A couple of years later, her sister Hélène, nicknamed Poupette, was born. Their relationship lasted their whole lives, though they grew distant for some time during middle school, when Simone became close friends with Elisabeth Lacoin — who is nicknamed Zaza in her memoirs. The writer-to-be showed a passionate and lively temper since she was a child. Simone possessed the acumen of a critical soul, which would always support her and lead to taking herself and the people around her as source material for her famous multi-volume autobiography – starting with Mémoires d'une jeune fille rangée – as well as for her novels, chief among them Les Mandarins, the book which established her as writer. Sitting on her balcony, she observed the coming and going of the people in the streets, listened to them, and imagined their lives. Her mother, who thought of her as her dearest, personally looked after her education, and Simone soon showed early signs of being destined to a great life. Her father, though to a lesser extent, also supported her intellectual endeavours — he made her a small, black, faux-leather book which contained passages by the likes of Racine, Corneille, Molière and Hugo; it was him who passed on to her the idea that nothing in the world could compare to being a writer. The hardness and poverty of Parisian life never undermined her self-confidence and were nevertheless soothed by the lovely summers the family spent in Limousin with her paternal grandfather, Ernest. With him, she went on walks in the chestnut forest and meadows of his estate, during which she observed flowers, plants, and animals. The hiatus from urban life fitted Simone’s love for both the city and nature. If her childhood and adolescence were marked by her romantic friendship with Zaza, at the center of the novel Les Inséparables, it is the tragic end of this relationship which marks her passage into the next phase of her life.

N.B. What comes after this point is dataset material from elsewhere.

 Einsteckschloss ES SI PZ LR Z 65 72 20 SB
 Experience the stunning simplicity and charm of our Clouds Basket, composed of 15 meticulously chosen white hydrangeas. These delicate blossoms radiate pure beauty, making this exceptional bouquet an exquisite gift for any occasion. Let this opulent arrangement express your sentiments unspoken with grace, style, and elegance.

The birth of the Beaver — The first volume of her memoirs ends with a bitter note on her friend’s fate: "...was Zaza a victim of excessive fatigue or anguish? Often, at night, I dreamt of her, all yellow with a pink hat, looking at me with reproach. Together we had fought the muddy destiny which would’ve awaited us at the passage, and for a long time I believed I paid my freedom with her death".

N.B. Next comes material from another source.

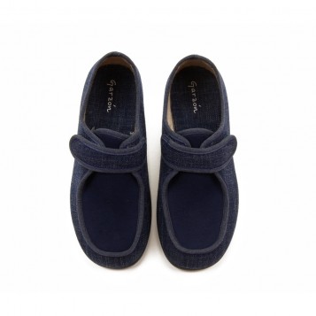 Zapatilla para casa o calle muy ancha y cómoda en tela tipo tejano azul marino envejecido.

With unrelenting willpower, de Beauvoir decided not to follow the traditional bourgeois destiny which would have awaited her, but decided to study to become a teacher in order to emancipate herself from her family. During her studies, her friend René Maheu nicknamed her Castor, because of the assonance between her last name with the word Beaver, and wrote her this note: "Beavers move in groups and have a constructive instinct". From then on, that became her nickname.

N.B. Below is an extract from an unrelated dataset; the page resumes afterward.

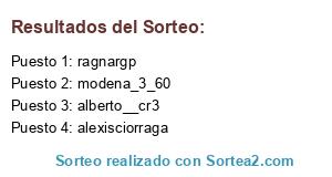 Lista de participantes: aldovv21, chupavidre, napsterwey, tximisteh, doux_beats, igna8813, blurredstudio, pixel_sp, jserraa, buba0212, 19diegoortiz, gorkimedes, rmassot9, xkloko, miticoja, mrrobles21, zzr4dexzz, twinki1, sudsierjuany, jonay72, oscar_ruiz_gt, simgramer, spaingamer78, simnieva, forzalonso14, nexumdorf, piqueras20, rastaracing, danivalalba73, jesusmglezm, dario110509, jomakes, m93t, amotoremoto, lt_spirit, nando_menendez, juanvlc73, xpoa, ayshel13, scout_sf, iago_fernandez93, pilotoirreal, copito_80, kad2k, sebasvilla31, robertoglezf1, ocapitan659, eln0tah, brasamanx, marcos_r27, jaimers2, sxr_tizicap, israelrojasguerrero, dj_pjr, easycore_r3veng3, snakeale, blackburn402, supertoni11, barrriii, codazos, pablo_viro, ekarmak, luckyluuke_, xevihalf, barrio2302, chonabis, medjoc, maltrox__vk, ancamon, malossir46, mesmayao, mirmidonsg, fabi_742, thespace27, sakumogenji, darkingenier, igoracing, heikki360es, yonoqueria, varuco, xavi217217, alexmaaaaaaan, joeintranslation, djhanstv, quemagalletas, joninoyeah, titovelcro, biggone, miguelchillon, xxdasterzz, ppapig1, mrfarza, alexrubioma, mario_fernadez77, dajmeisterr, gipu01, m0n1n, j_calvicius, roberto_ml12, sirn4sty, r7obert4, hms_duran_8, javi_91b, dinadalu, vrg_shotes10, sergill94, thedriver28aitor, 13rachu, flipotungax, zoupapepe, nosfergz, doka_7, pardotwch, salvadorsalado, taquicardio01, destroya_11, rubiluu, luis_cft, edgardelso, gorreto84, rober_racer, titosito, mag1k_33, trasmaniac, mxdamage_es, braskagdt, abrazarboles, tito7r, operador__1, 3ss3nt14l, modena_3_60, jameco78, bufferito, silb0u, diegoza2002, agius14, luckkario, lindberghlegacy, silvestre007, 69rocks69, ayan_19, javi_galacho, guiem184, daniiruiz098, ngryyellow, danimas, reincidente71, romantic0n, coldebruselas, narf010, javisaltabrinca, m_rodribo, helmuthsc2, alvaroball, escapeartesano, smatbau, tuamig0informatico, guillegrandprix, jotasr_, honrumad, nuevoburnout, mejutuelo, gt7enjoyer, cirolopezsantana83, pitergutierrez, sergiiogmzz01, setuquidelmario, lim3ero360, xaer0cs, juansegil, davidmorella, lordhavels, fabregapitstop, biodieselyrepro, tabaresk, hakioo7, roquegarcia90, holatal_mc, cuevasdrc, wildbaralloco, palote, conter30, denoro83, artelow, pyros____, asturfer, dybbuk_, carmona91, yimito_, esloooz, jaimefuentes_, ovadelova, tiverius1911, jaimem29, trhillst1, lillo_1_, hawkmj, mmaller, victorfraile24, kevinleonc, sprubns, trastito2es, argueso1978, roca_d2, fornes20, rivenmoonlight, mrm0ntiel, enord14, j_romeo_g, rubendp08, verdejita7, sis00sis, senentowers, neivan808, ivosh_k, abengoetxea23, alexmorenoo__, kriticbilbo, ivan_rg13, alberto_arrabal, mryeti99, joannuso74, kevprox_, snadker, megadethh, simracermalo, soap097, neinhownz, romanblanco34, potasioneitor19, jcalaverars, lobe_11, danifelson147, gaste7, albertrpm_tv, sisco555, tantotolino, bandalodj, follatudios, donfrancis23, josearranz, josinho_27, juanmoreta, pedror_t, wilberth150, guinimon, rotondax34, hilariofrrplay, alconmt, pablo_bosca, durumdonner, marotuss, alfonso_ir, dani_suso, tanakamedina, maxifp87, goroo03, daniofenomeno, evillince, lpintoracing1979, axblackwolf, escuderiers, nibob, mgbrunal, lib2k, marnick75, salvabad, ilpetrovio, m0kers, didaccortes, gabi_montoro, waveador, cjimenezd, joselopezsetups, mariouceda19, luissan5, rictzar, davidrebollo92, franvmm, jose18398, marktrog_, pantanis_club, alexrayman25, imartin000, d0bl3_r, emiscooot004, amaikvives, albertocrj, ronco_kalo, joselt61, davidp77, carloscarballes, tato_f1, escritrol1, skytxatxi, vroguez, galaxxy1247, celikenyo, zom989, eqt10, eecarres, danielpilloxz, mongui93, robert_bermejo, diegotroitas, buhor_00, alberto__cr3, pain_sof, pepo_222, ferran122, guszolano, anchoneco, pdaxon, element__75, damianharryson, mayal21, justsayk, azulanubis_45, moizar, davisinhooo10, kampos46, airon6, jucaini, marcmf14, frantrek23, eylend4, pablinski79, darwinnite, faustino_iracer, jr25may, tavig_, pollolenteja, kirii23, viso91, lupi89, mataesp, chusoharoprime, tihaki, imjoorge, kletus91ac, sergiosoria81, cabesssa, morenoraven, pvfm2001, antoniopin, jorsotmar, viermartins, gatocat11, armada992, kiastolit, reyessssssssss, bonzai_raver, crisgsxr, malolo666, pozomairenero, pach1z1n, danies90, riq1982, xxxkarasu, xmordr3dx, luks_morato, jeankiorendain, s0nypawn, mmascaro74, mayestick65, pablo_argesp, alejandroid80, heymzzz, olbhap, fernandexjuy, 0mancha0, sergioba, traspinedo10, elantro, jose_a_roque, b0rregus, pepepioli, nix_megajoelchuyt, takelberri40, gorki_11_, borjasanta, larsson_united, tkarlos77, iagotubio3, vilaplana88, chinchilla83, asanz95, bocataman00, r2d2_79, casfpv, linksys19, mastropiero75, missingfotografia, xdragner, llucroig96, carlos_evr, leoloseat127, pablosky44444, supermon48, carbutron67, charlyonekenoby, 0nain, xlengz, mikeuc777, alex_bojovnik, unnefer11, 61luis, alb3c3, el_cubero_elegante, pinkhorse_666, marcosss_17_, 10pedrito10, drakcod, iviraidon, hristo_stoichkov, davile21, javi_delg360, magicalonso, joselacalle, markuswelvis, carlos_kapazao, xfrago93x, eltiodelosvermus, toclax, marjjin, justtmike94, jbull3x, javierromerotv, nicolas_m_m, yaizaportillo23, calbertora, gerichus, rhaventt, jselasourense, jairowolfi, bastoncillodeloido, luarfema, gustavo_ansotegui, absolut_vod_2019, chechootv, arrope_es, kev350zz, antiim, nonoacr, raw_lubeira, edugh98, madcharly, jcabrerapls, chirimad, rubenmorcab, triki548, monk0889, yioigo, kiratxi, ifreezer91, juanjo_mz, oscarsoltero22, dacobo3, albertpratsa, wizoluko, bimbaso77, julihulk11, gabar92, mavsito, kevinbarrau, ragnargp, fjtena, takelberri39, kinos7, xineda, ilmaspe93, octane_sp, emimora11, skakys, mrphoskitos, marjer_, juancrts4, cascoporro87, mr_mazza, k0v0k, 10_cici_10, rub_rubio, franpr13, toniophs, xxthorxx, varomrn, alexroy84, pablom4t4, duckiland2, giovannilopez_s, llastrin_kr2, juanchv1, dontrauman, benestan2, ramiseu, davidd_r6, jaimexry, rockacid1, martinezmsergio, pepemarti23, pelikanosss, halkon81, asuarez0612, jgarre88, perlote19, juanillogz, xab1er, diego_pesado,

In 1929, at the philosophy agrégation exams at the École Normale Supérieure, she placed herself second after Jean-Paul Sartre. She was one of the first women to be awarded such recognition. Years later she would declare in an interview that, "In those days, professionally speaking, few women completed their studies. Completing an agrégation in philosophy meant positioning yourself as privileged among women. As a result, I got such recognition from men. I was the exceptional woman and I accepted it".

The meeting with Sartre was a turning point: the relationship she had always wished for. Sartre was her companion of choice for most of her life and their mutual commitment — to be each other’s "necessary love" never to be spoiled by any “contingent love” —was always respected. Not even a great passion — such as her “transatlantic love” for American writer Nelson Algren, who even asked for her hand — broke their bond built on “transparency” and on the commitment to tell each other “everything”.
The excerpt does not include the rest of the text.